··· SUPPLIED INFORMATION ···

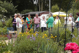 Zusätzlich gab es in diesem Jahr erstmals zwei Führungen durch den Garten. Um 11:00 Uhr hieß es „Kleine Maßnahmen – Große Wirkung“. Auf einem Rundgang durch den Garten wurden verschiedenen Möglichkeiten gezeigt, einen Garten naturnaher zu gestalten und Lebensräume für Pflanzen, Bienen, Vögel, Insekten und Menschen gleichermaßen zu gestalten. Kleine und große Wasserstellen, Nisthilfen, Magerbeete mit Sandflächen für Wildbienen und Nahrungspflanzen für Nützling wurden gezeigt.
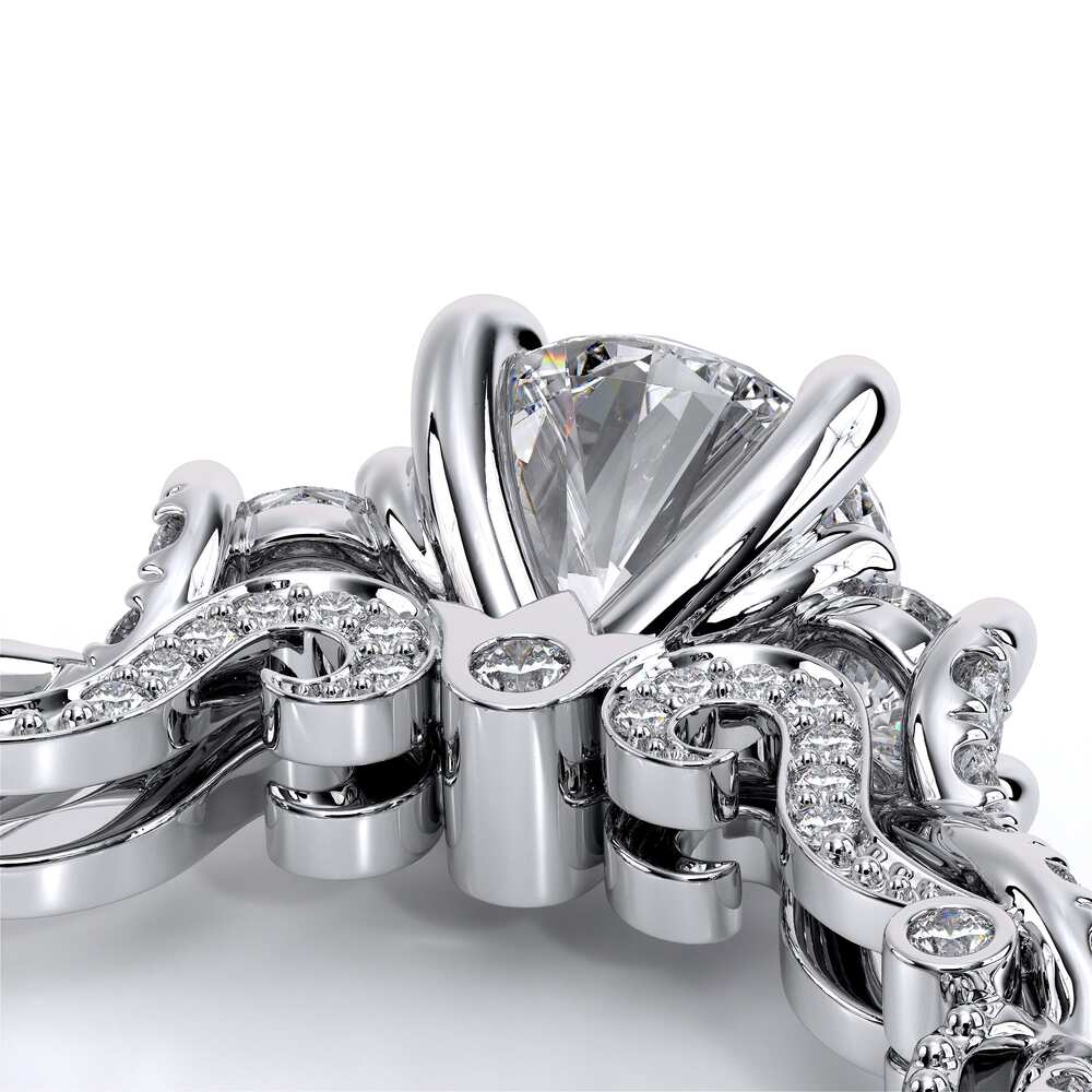 INSIGNIA-7074R Three stone diamond engagement ring adorned with Verragio's signature beading, pave set brilliant-cut diamonds on Insignia's handcrafted scrollwork and twisted band. Refined to enhance a Round diamond center.
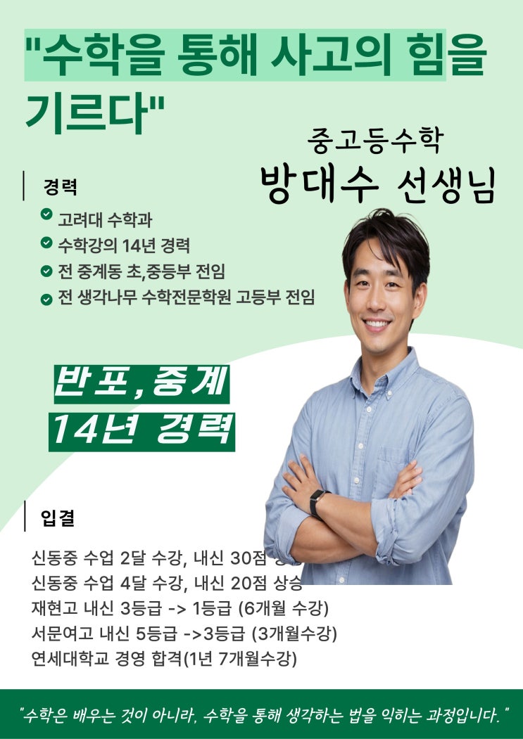 강남과 서초, 반포 지역을 넘어 이제 둔촌포레온에서도 상위권 수학의 기준을 만들어가고 있습니다. 22년 전통의 노하우를 담아, 둔촌동 지점에서 우리 아이들의 수학적 사고력을 책임질 방대수 선생님을 소개합니다. 단순히 공식을 암기하는 수업이 아닌, '스스로 생각하는 힘'을 길러주는 방쌤의 교육 철학을 확인해 보세요. 방쌤의 "수학을 통해 사고의 힘을 기르다"- 중등부터 고등까지 이어지는 탄탄한 입결 수학은 단절된 과목이 아닙니다. 중등 내신의 폭발적인 향상은 물론, 고등 수학의 기초가 되는 심화 사고력까지 확실하게 잡아냅니다. 내신 단기 수직 상승 : 재현고 내신 3등급 -> 1등급 (6개월 수강) , 서....... <img src="https://blogthumb.pstatic.net/MjAyNjAzMDRfNTEg/MDAxNzcyNjA0MjUwOTU1.Ow8wt27g_aYfn6ZZQtwmd6IkYdmheAHlwrxz02YMPmUg.78xKnsv0_fdEtegMCBWJwKazFisp7k5y_RwHGs9tzbQg.JPEG/1.jpg?type=s3" />
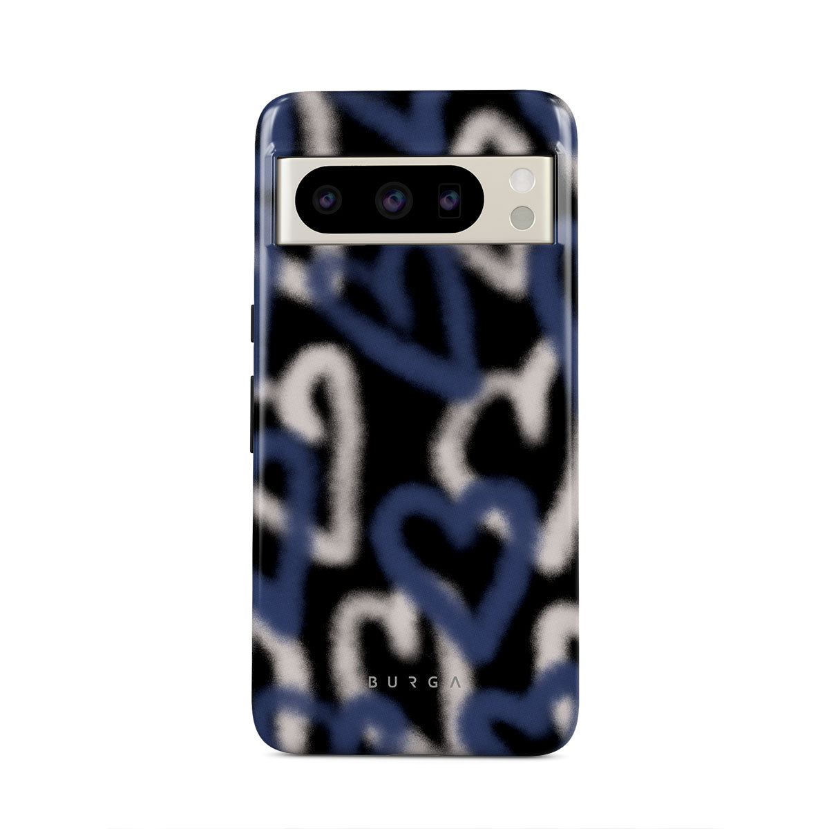 The Lucky You Google Pixel 8 Pro phone case captures the raw, unfiltered pulse of street art. Graffiti hearts in striking blue and white stand out against a black background, their edges softly faded. It’s a design that speaks to the restless who find beauty in chaos and dare to be different.
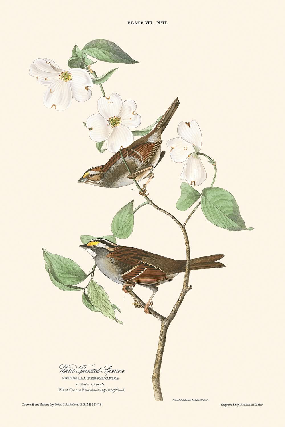 Gorrión de garganta blanca, de John James Audubon, 1827
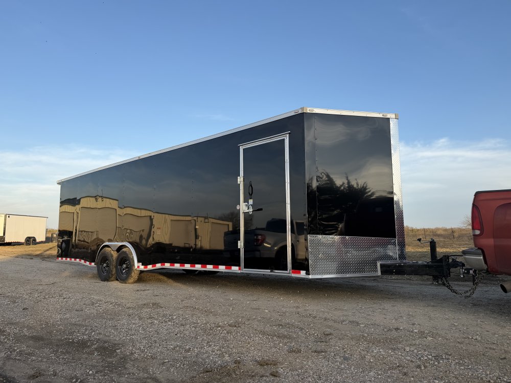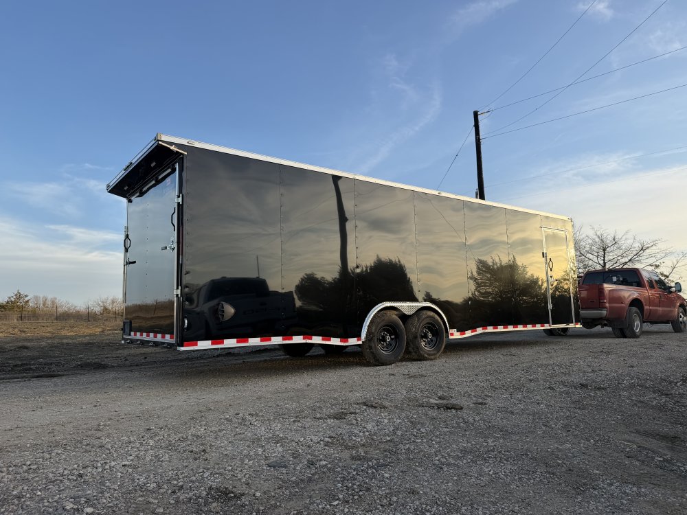 NATM Certified | 2"x6" Square Tube Frame | Tandem 7,000 lbs Axles - EZ Lube Hubs | Electric Brakes On Both Axles| 0.08" Polycore Siding | 16" OC Frame Cross-Members | 16" OC Wall Cross-Members | 16" OC Roof Cross-Members | (4) D-Rings On Floor | Tail Spoiler Package w/ Loading Lights w/ Outside Switch | 2 5/16" Bulldog Coupler | 7,000# Jack | Single Piece Aluminum Roof | Interior Height: 7' | 3/4" Plywood: Ramp & Floor | 3/8" Plywood: Walls | LED Lights: Running, Tail, Lic. Plate & Int Lights w/ Switch | Tire/Wheel - ST225/75R15 - 10ply | Custom Fabrication On All Headers and Corners Post | Side Door Dimensions: 36"x78" | Ramp Gate / Barn Doors On Rear Of Trailer (Ramp Gate Dimensions: 90"Wx80"H) | 1 Year Manufacturer Workmanship Warranty | 5 Year Polycore Warranty

···

● **WORK ITEM**
From the first line to the last, copy the records above exactly and drop any pictures.

● **TASK SOLUTION**
 Zusätzlich gab es in diesem Jahr erstmals zwei Führungen durch den Garten. Um 11:00 Uhr hieß es „Kleine Maßnahmen – Große Wirkung“. Auf einem Rundgang durch den Garten wurden verschiedenen Möglichkeiten gezeigt, einen Garten naturnaher zu gestalten und Lebensräume für Pflanzen, Bienen, Vögel, Insekten und Menschen gleichermaßen zu gestalten. Kleine und große Wasserstellen, Nisthilfen, Magerbeete mit Sandflächen für Wildbienen und Nahrungspflanzen für Nützling wurden gezeigt.
 INSIGNIA-7074R Three stone diamond engagement ring adorned with Verragio's signature beading, pave set brilliant-cut diamonds on Insignia's handcrafted scrollwork and twisted band. Refined to enhance a Round diamond center.
 강남과 서초, 반포 지역을 넘어 이제 둔촌포레온에서도 상위권 수학의 기준을 만들어가고 있습니다. 22년 전통의 노하우를 담아, 둔촌동 지점에서 우리 아이들의 수학적 사고력을 책임질 방대수 선생님을 소개합니다. 단순히 공식을 암기하는 수업이 아닌, '스스로 생각하는 힘'을 길러주는 방쌤의 교육 철학을 확인해 보세요. 방쌤의 "수학을 통해 사고의 힘을 기르다"- 중등부터 고등까지 이어지는 탄탄한 입결 수학은 단절된 과목이 아닙니다. 중등 내신의 폭발적인 향상은 물론, 고등 수학의 기초가 되는 심화 사고력까지 확실하게 잡아냅니다. 내신 단기 수직 상승 : 재현고 내신 3등급 -> 1등급 (6개월 수강) , 서....... <img src="https://blogthumb.pstatic.net/MjAyNjAzMDRfNTEg/MDAxNzcyNjA0MjUwOTU1.Ow8wt27g_aYfn6ZZQtwmd6IkYdmheAHlwrxz02YMPmUg.78xKnsv0_fdEtegMCBWJwKazFisp7k5y_RwHGs9tzbQg.JPEG/1.jpg?type=s3" />
 The Lucky You Google Pixel 8 Pro phone case captures the raw, unfiltered pulse of street art. Graffiti hearts in striking blue and white stand out against a black background, their edges softly faded. It’s a design that speaks to the restless who find beauty in chaos and dare to be different.
 Gorrión de garganta blanca, de John James Audubon, 1827
 NATM Certified | 2"x6" Square Tube Frame | Tandem 7,000 lbs Axles - EZ Lube Hubs | Electric Brakes On Both Axles| 0.08" Polycore Siding | 16" OC Frame Cross-Members | 16" OC Wall Cross-Members | 16" OC Roof Cross-Members | (4) D-Rings On Floor | Tail Spoiler Package w/ Loading Lights w/ Outside Switch | 2 5/16" Bulldog Coupler | 7,000# Jack | Single Piece Aluminum Roof | Interior Height: 7' | 3/4" Plywood: Ramp & Floor | 3/8" Plywood: Walls | LED Lights: Running, Tail, Lic. Plate & Int Lights w/ Switch | Tire/Wheel - ST225/75R15 - 10ply | Custom Fabrication On All Headers and Corners Post | Side Door Dimensions: 36"x78" | Ramp Gate / Barn Doors On Rear Of Trailer (Ramp Gate Dimensions: 90"Wx80"H) | 1 Year Manufacturer Workmanship Warranty | 5 Year Polycore Warranty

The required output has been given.